§ **WORK INSTRUCTIONS**
Where the entries below show "Vo štvrtok 27.", begin there and print that line and all following lines exactly, through the last, omitting pictures.

§ **DATASET RECORDS**
☆ ☆ ☆

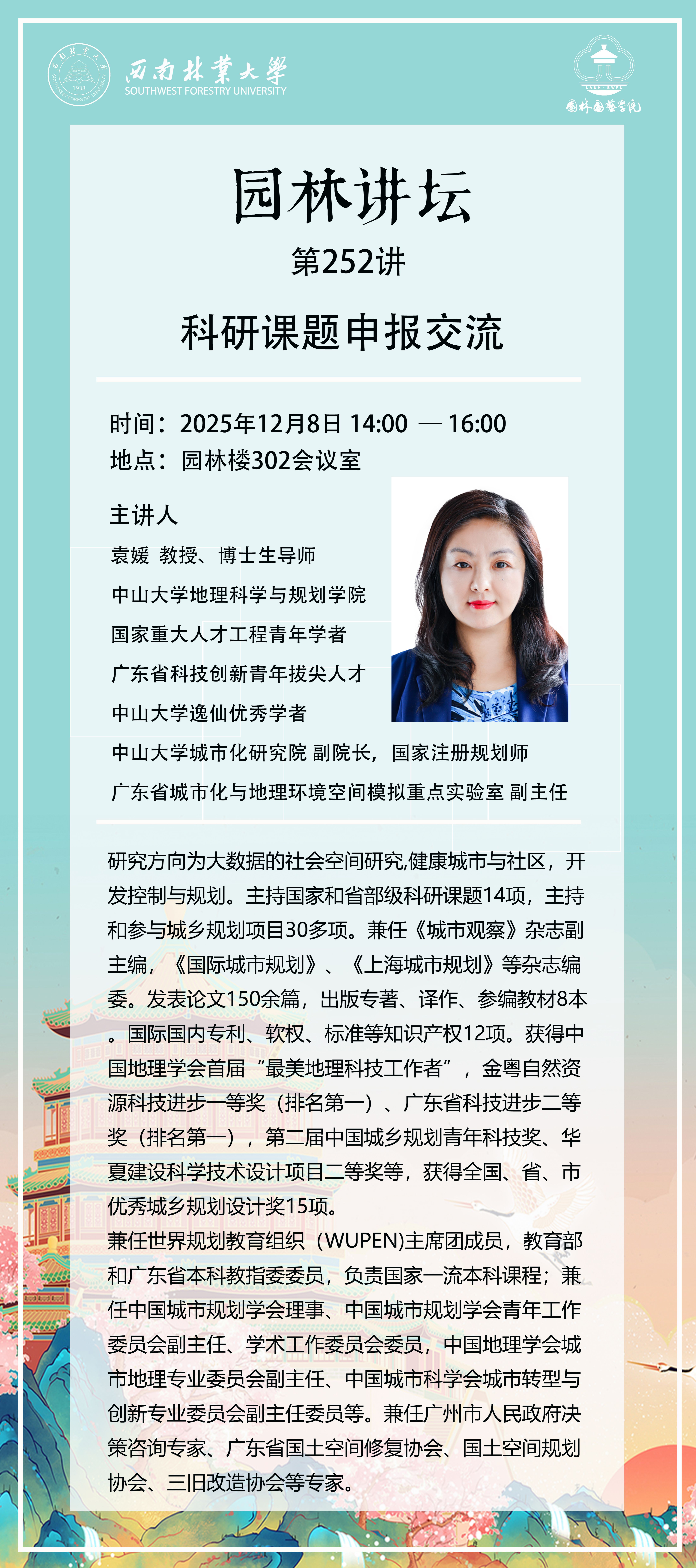 讲座地点:园林楼302
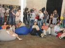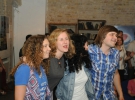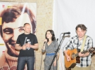Кстати один за другим выходят музыканты. Фома из группы "Мандри" играет "Я пойду в далекие горы" в авторской акустической версии. Молодая певица Оксана Муха поет акапелла "Колыбельная для Оксаночки".
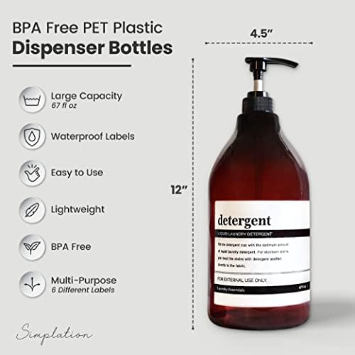 SUPERIOR QUALITY & LARGE CAPACITY: Our premium quality amber bottle is thicker than other cheaply made bottles; it’s highly resistant to breakage and free of harmful chemicals. In addition, there is no need to refill your laundry detergent frequently as each laundry soap container holds 67 oz. of liquid.
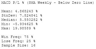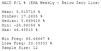 Keep in mind that weekly timeframe trades for the Below Zero Line test were not able to take enough trades to able to be garner a large sample size. The following observations have been made:
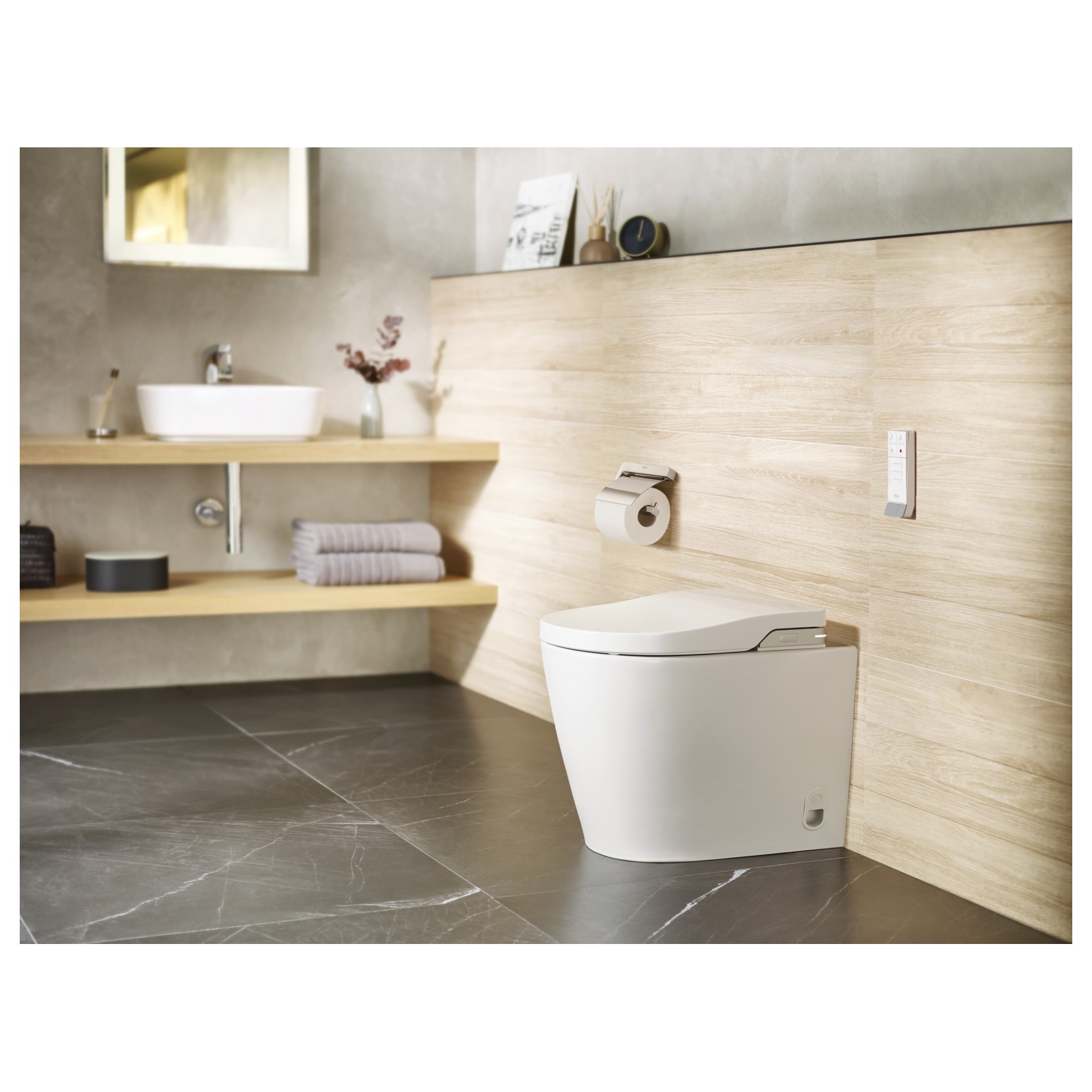 Roca propone la serie Inspira una linea elegante e versatile che si adatta a svariate tipologie di bagni. Il vaso a pavimento filomuro In-Wash con In-tank, incorpora la cassetta con meccanismo a doppio scarico 4.5/3 Lt. Il vaso è dotato di impostazioni luci LED quali luci notturne: spento, standard o standard con luci notturne. Il kit di fissaggio è incluso, il sedile ed il coperchio sono rimovibili ed il sistema di scarico è dotato di lavaggio profondo. Lo scarico è bifunzionale e il vaso si caratterizza per la pulizia personale.
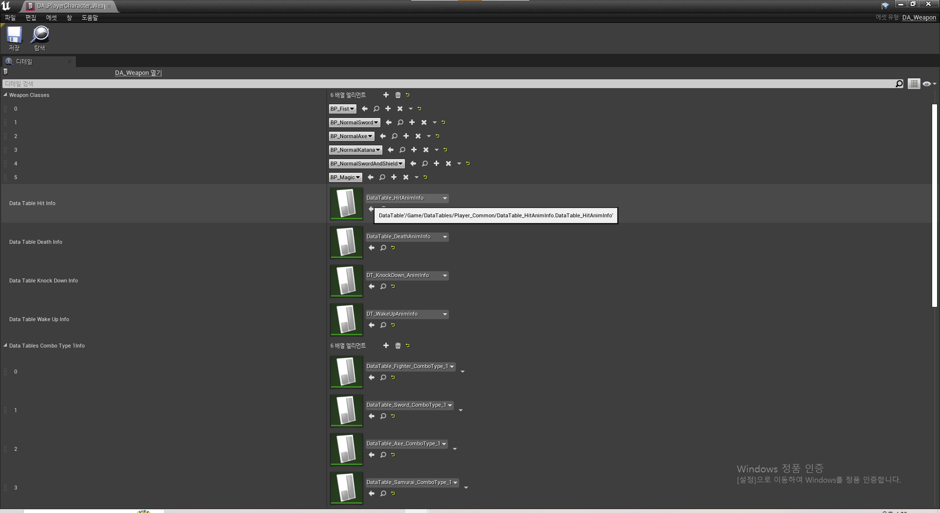 - 특정 Character 객체에 필요한 모든 Data Table들을 하나의 Data Asset으로 묶어 저장합니다.
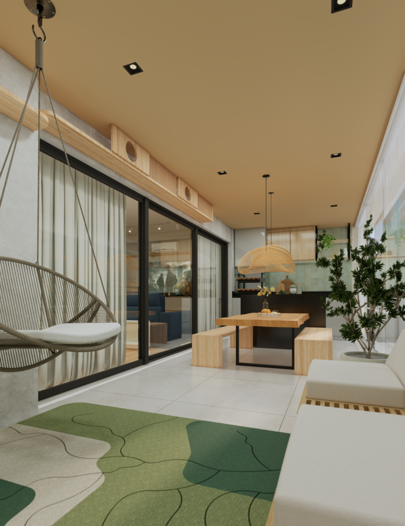 Na varanda, a intenção foi criar uma conexão direta com a natureza no meio da metrópole. O paisagismo denso e o uso de fibras naturais nos lustres e assentos proporcionam o relaxamento ideal após um dia agitado.
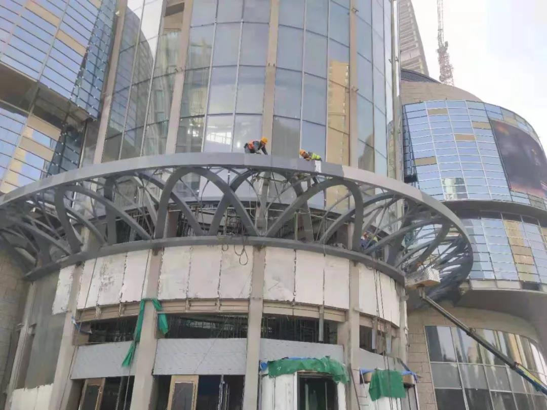三個單體均為原有構(gòu)件的外圍裝飾性構(gòu)件,由于內(nèi)部構(gòu)件已經(jīng)完成,加大了我們的吊裝難度及現(xiàn)場焊接的難度。高空作業(yè),空間狹小,對我們安裝是極大的考驗。現(xiàn)場安裝人員通過提前規(guī)劃安裝作業(yè)方案,制定吊裝策略方案,克服種種困難,使得現(xiàn)場的安裝工作有序完成。
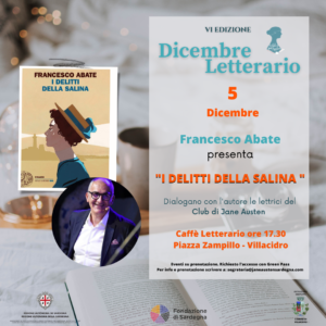 Il Club di Jane Austen Sardegna chiude il 2021 con la VI edizione del Dicembre letterario, che torna in presenza dove tutto ha avuto inizio, Villacidro. «Quest’anno abbiamo predisposto un programma con tre appuntamenti interamente dedicati ai libri – afferma Giuditta Sireus, direttrice artistica del Club –. L’associazione aveva piacere di riproporre il suo progetto di chiusura dell’anno lavorativo e rinnovare l’impegno nella promozione della lettura soprattutto a Villacidro, dove il Club è nato».
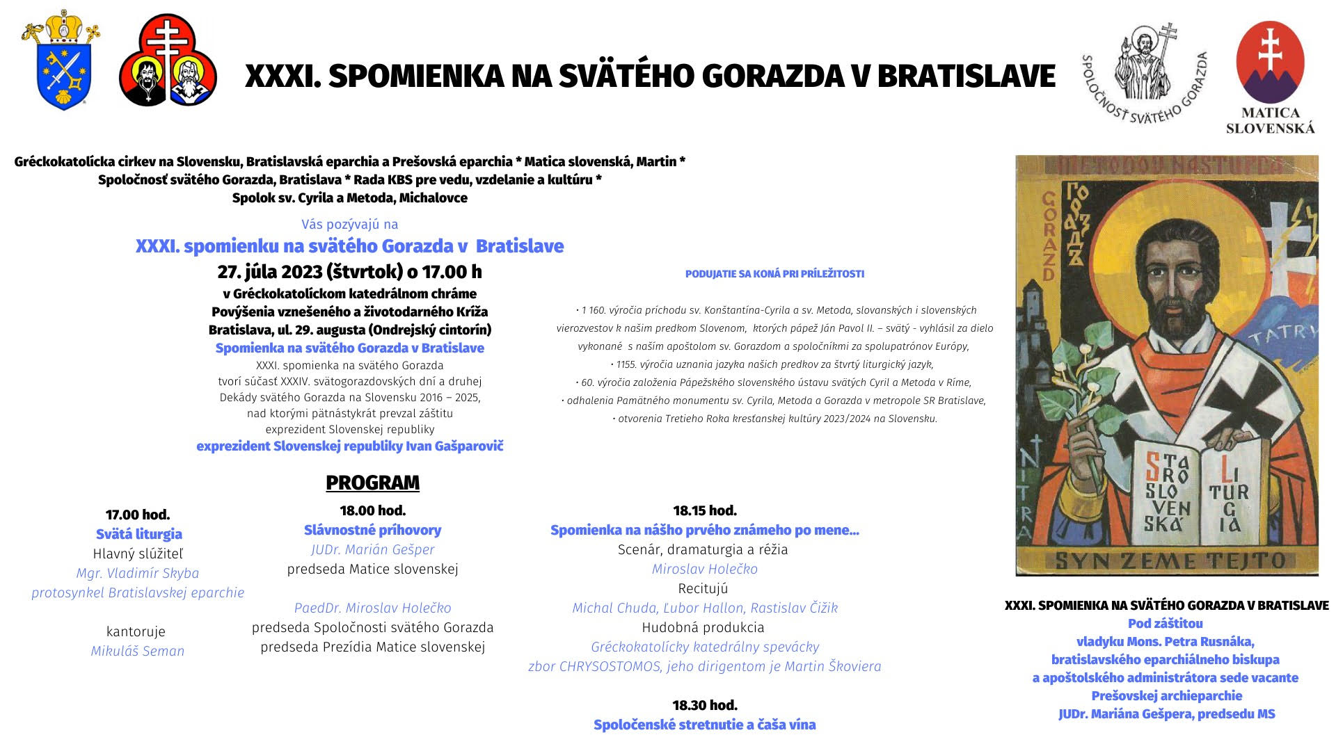 Vo štvrtok 27. júla 2023, na sviatok Svätých sedmopočetníkov (sv. Cyrila, Metoda, Gorazda, Klimenta, Nauma, Sávu a Angelára) sa v Katedrálnom chráme Povýšenia svätého Kríža uskutoční podujatie – XXXI. Spomienka na svätého Gorazda v Bratislave. Organizátormi podujatia sú: Gréckokatolícka cirkev – Bratislavská eparchia; Matica slovenská, Martin; Spoločnosť svätého Gorazda; Rada KBS pre vedu, vzdelanie a kultúru; Spolok sv. Cyrila a Metoda, Michalovce.
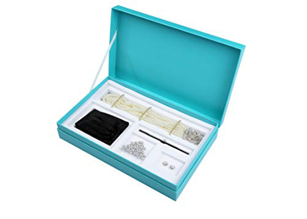 Add the style and grace of Audrey Hepburn as Holly Golightly to complete your Audrey costume assemble with this exquisite accessories set. Each piece is inspired from the iconic black dress attire as featured in the classic film Breakfast at Tiffany's. Perfect to complete your black dress assemble for halloween or any costume party.

☆ ☆ ☆

§ **OUTPUT**
 Vo štvrtok 27. júla 2023, na sviatok Svätých sedmopočetníkov (sv. Cyrila, Metoda, Gorazda, Klimenta, Nauma, Sávu a Angelára) sa v Katedrálnom chráme Povýšenia svätého Kríža uskutoční podujatie – XXXI. Spomienka na svätého Gorazda v Bratislave. Organizátormi podujatia sú: Gréckokatolícka cirkev – Bratislavská eparchia; Matica slovenská, Martin; Spoločnosť svätého Gorazda; Rada KBS pre vedu, vzdelanie a kultúru; Spolok sv. Cyrila a Metoda, Michalovce.
 Add the style and grace of Audrey Hepburn as Holly Golightly to complete your Audrey costume assemble with this exquisite accessories set. Each piece is inspired from the iconic black dress attire as featured in the classic film Breakfast at Tiffany's. Perfect to complete your black dress assemble for halloween or any costume party.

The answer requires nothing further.